Records supplied START
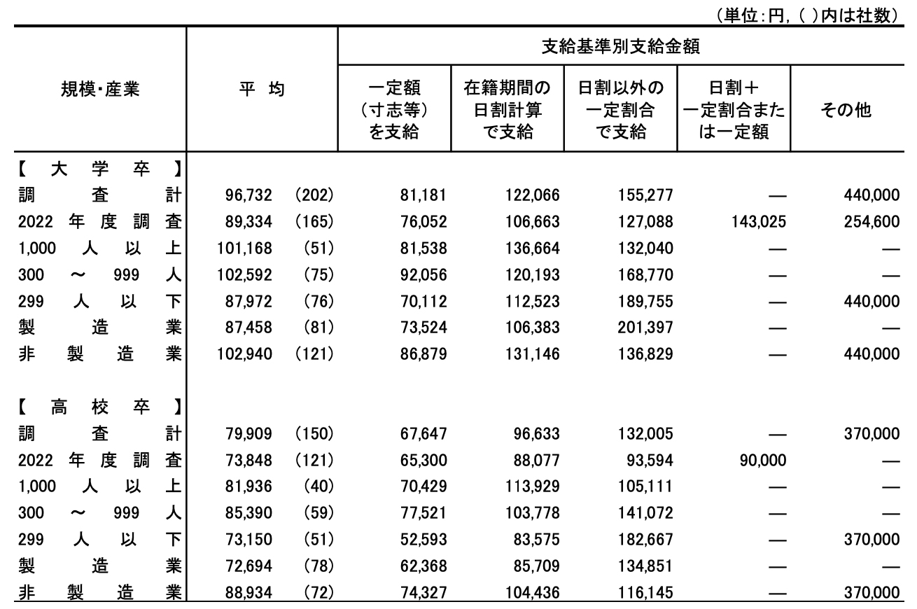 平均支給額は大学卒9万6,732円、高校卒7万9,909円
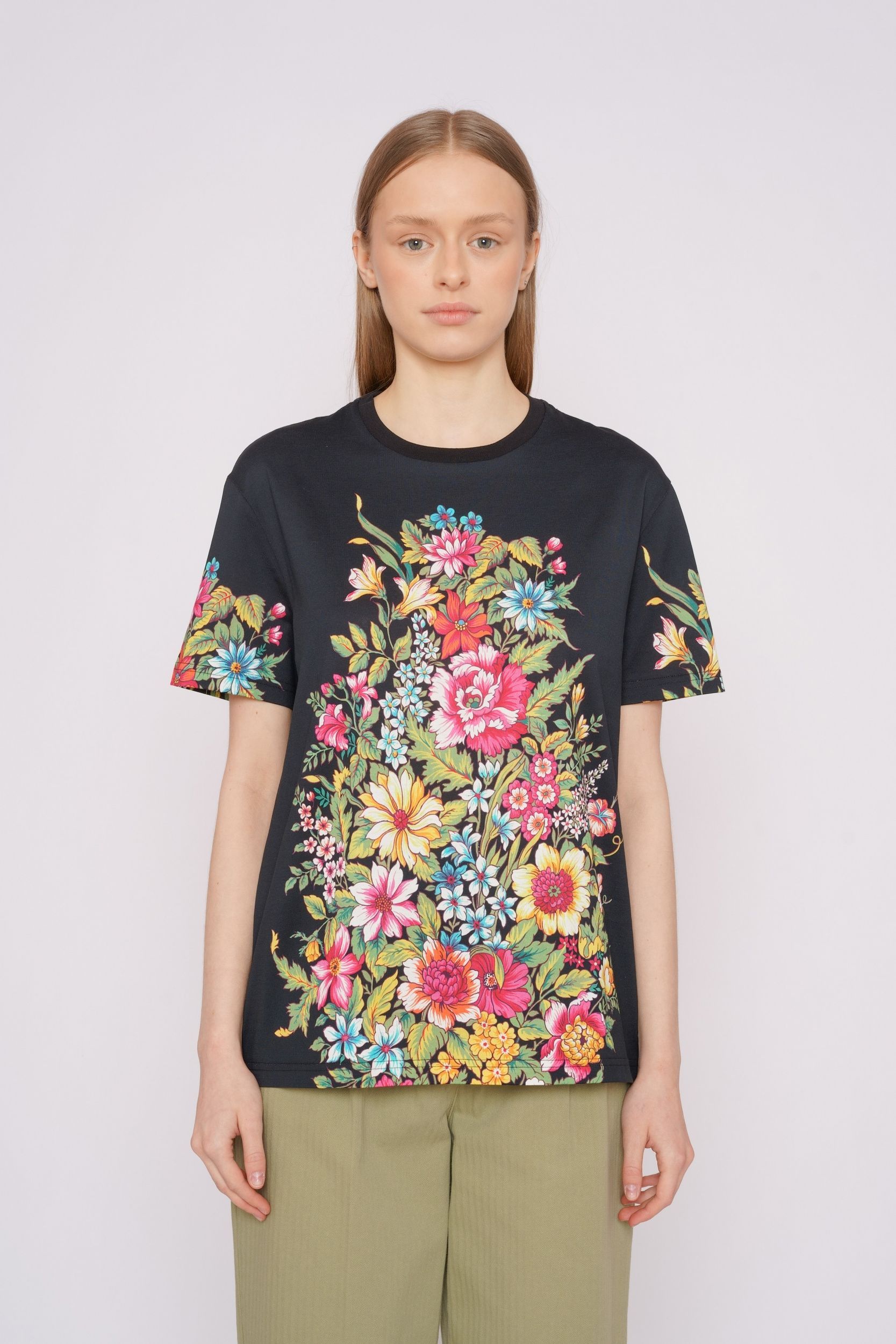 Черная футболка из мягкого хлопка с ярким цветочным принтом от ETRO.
Records supplied END
Records supplied START
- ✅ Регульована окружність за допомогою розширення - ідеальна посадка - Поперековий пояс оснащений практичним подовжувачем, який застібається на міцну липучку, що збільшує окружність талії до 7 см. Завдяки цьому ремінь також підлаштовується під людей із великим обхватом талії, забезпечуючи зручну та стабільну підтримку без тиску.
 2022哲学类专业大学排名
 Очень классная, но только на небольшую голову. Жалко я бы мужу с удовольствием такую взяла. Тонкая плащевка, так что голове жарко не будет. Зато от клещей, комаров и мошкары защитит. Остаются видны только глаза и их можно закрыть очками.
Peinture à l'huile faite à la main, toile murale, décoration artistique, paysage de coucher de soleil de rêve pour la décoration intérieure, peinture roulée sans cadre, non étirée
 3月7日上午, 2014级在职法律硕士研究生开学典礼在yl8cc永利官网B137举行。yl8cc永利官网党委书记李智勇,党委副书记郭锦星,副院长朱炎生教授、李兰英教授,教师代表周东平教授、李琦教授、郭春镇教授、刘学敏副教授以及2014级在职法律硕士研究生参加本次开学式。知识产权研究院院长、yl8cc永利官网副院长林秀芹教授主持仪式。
Records supplied END
> What this task involves: Only one part of the material above is to be transcribed, namely the lines starting with the line that has "2022哲学类专业大学排名" and going on through the line that has "3月7日上午, 2014级在", exactly as they stand.

> Written solution:
 2022哲学类专业大学排名
 Очень классная, но только на небольшую голову. Жалко я бы мужу с удовольствием такую взяла. Тонкая плащевка, так что голове жарко не будет. Зато от клещей, комаров и мошкары защитит. Остаются видны только глаза и их можно закрыть очками.
Peinture à l'huile faite à la main, toile murale, décoration artistique, paysage de coucher de soleil de rêve pour la décoration intérieure, peinture roulée sans cadre, non étirée
 3月7日上午, 2014级在职法律硕士研究生开学典礼在yl8cc永利官网B137举行。yl8cc永利官网党委书记李智勇,党委副书记郭锦星,副院长朱炎生教授、李兰英教授,教师代表周东平教授、李琦教授、郭春镇教授、刘学敏副教授以及2014级在职法律硕士研究生参加本次开学式。知识产权研究院院长、yl8cc永利官网副院长林秀芹教授主持仪式。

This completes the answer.